ROLE OF TUMOR NECROSIS FACTOR-?ETA (TNF-?) IN GASTRIC CANCER: SINGLE NUCLEOTIDE POLYMORPHISMS ANALYSIS-AN IN-SILICO STUDY

Abstract

Tumor necrosis factor-beta is also called lymphotoxin-alpha. The objective of this study was to identify non-synonymous SNPs of TNF-beta and their association with gastric cancer using computational analysis. For this purpose, different online tools like SIFT, Polyphen, Polyphen-2, fuNTRp, SNAP2 (to identify pathogenic SNPs), SNP&GO, PhD-SNP, PredictSNP, MAPP, SNAP, MetaSNP, PANTHER (disease associated SNPs), Mu-Pro, I-Mutant, and CONSURF (to check protein stability) were used. Post-translational modifications (PTMs) were detected by Musitedeep, Protein secondary structure by SOPMA, and Protein to protein interaction by STRING. Three SNPs having rsIDs (rs1325992410, rs1290487566, and rs769344065) showing mutations on Y110C, G117E, and G170R, respectively found to be completely deleterious.

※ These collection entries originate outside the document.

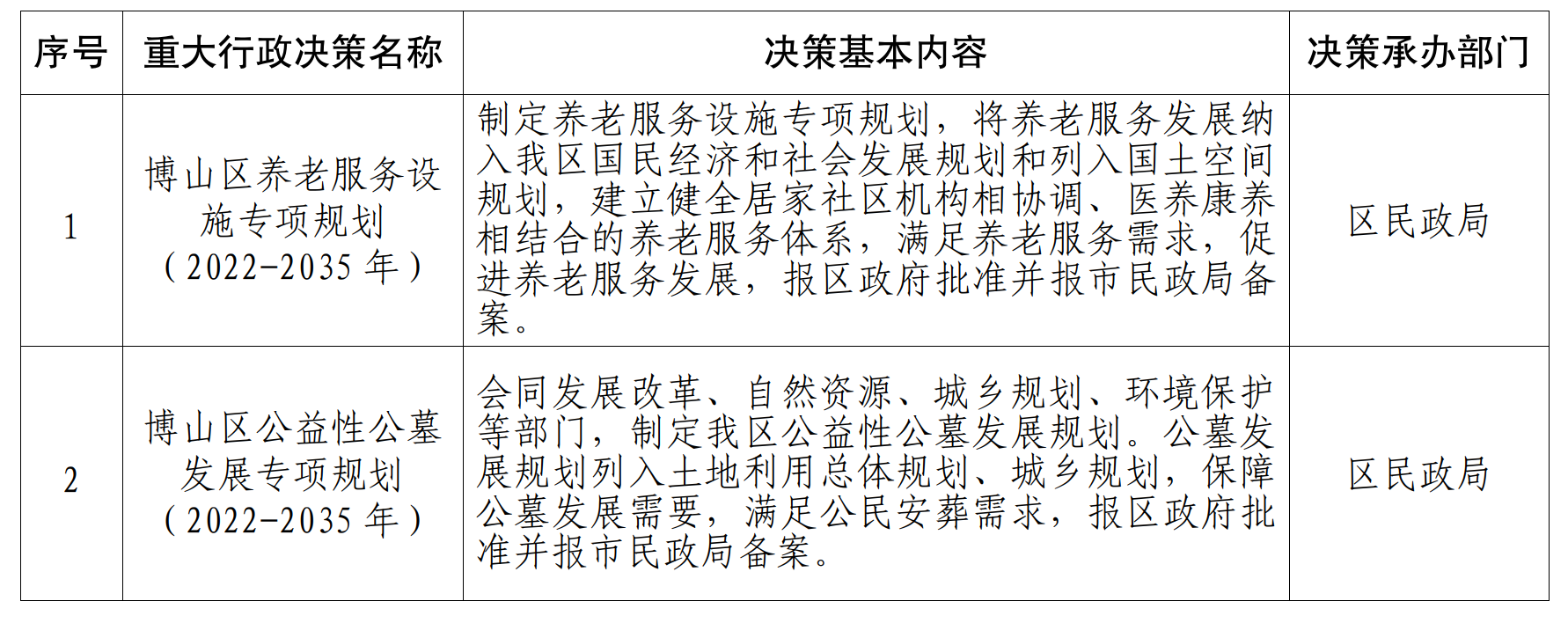 附件:博山区人民政府2023年度重大行政决策事项目录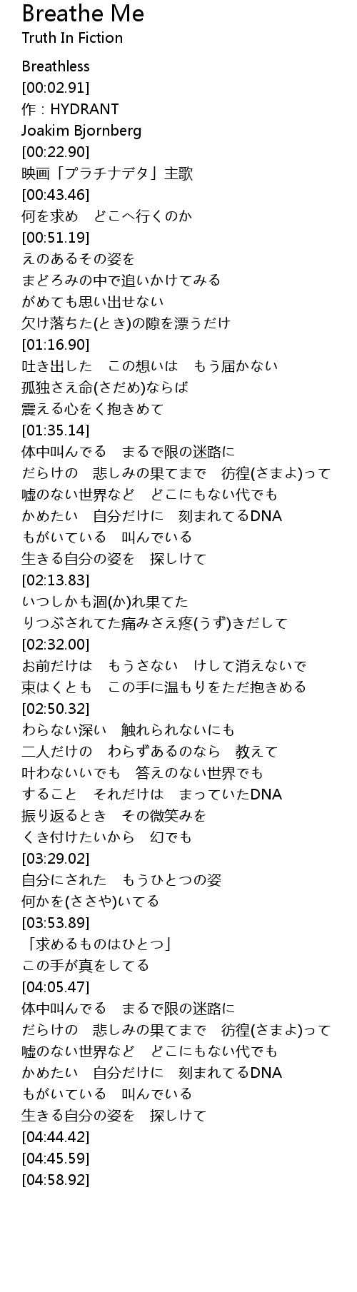 映画「プラチナデタ」主歌 |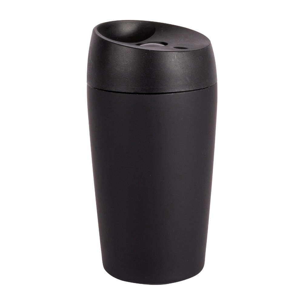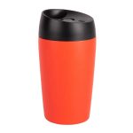 This Sagaform Loke mug features a double-walled construction. This design helps keep beverages warm. It has a soft rubber coating for comfortable handling. The mug offers a 240ml capacity. It is designed to fit under most coffee machines. A smart locking function ensures a leak-proof seal. The Loke mug is available in Black and Red.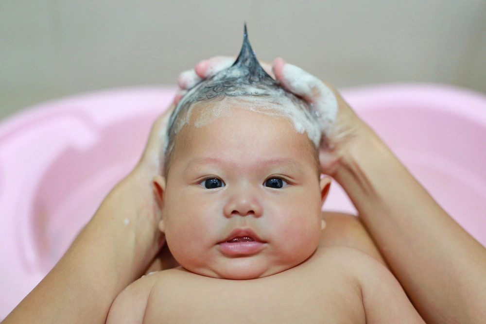 Второй способ: размягчение во время купания. Нанесите на участки с молочными корочками взбитый шампунь. Пусть малыш немного поплавает (примерно 15 минут). За это время корочки побелеют и размокнут. После этого, так же как и в первом способе, аккуратно помассируйте кожу головы и удалите только те корочки, которые легко отходят [5–6].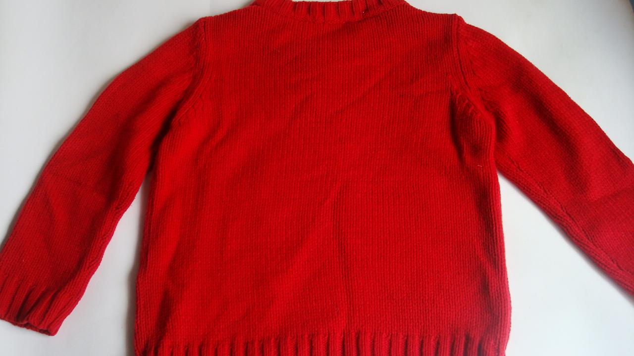Свитер надевался 1 раз, для примерки, подарили, но ребенку не понравился красный цвет, цвет шикарный- насыщенный красный, качество отменное, можно в школу-200 грн

The PTMs found were phosphorylation at amino acid number 2 and 128; palmitoylation at number 13; pyrrolidone carboxylic acid at number 33 and glycosylation at number 41 and 46. The protein secondary structure consisted of alpha helix (18.54%), extended strand (29.27%), beta turn as 6.83% and random coil (45.37%). Protein-protein interaction analyses revealed that it has strong interaction with Mitogen Activated Protein (MAP) kinase (MAP3K14). Based on these results, it is concluded that these three SNPs found in TNF-B are involved in gastric cancer.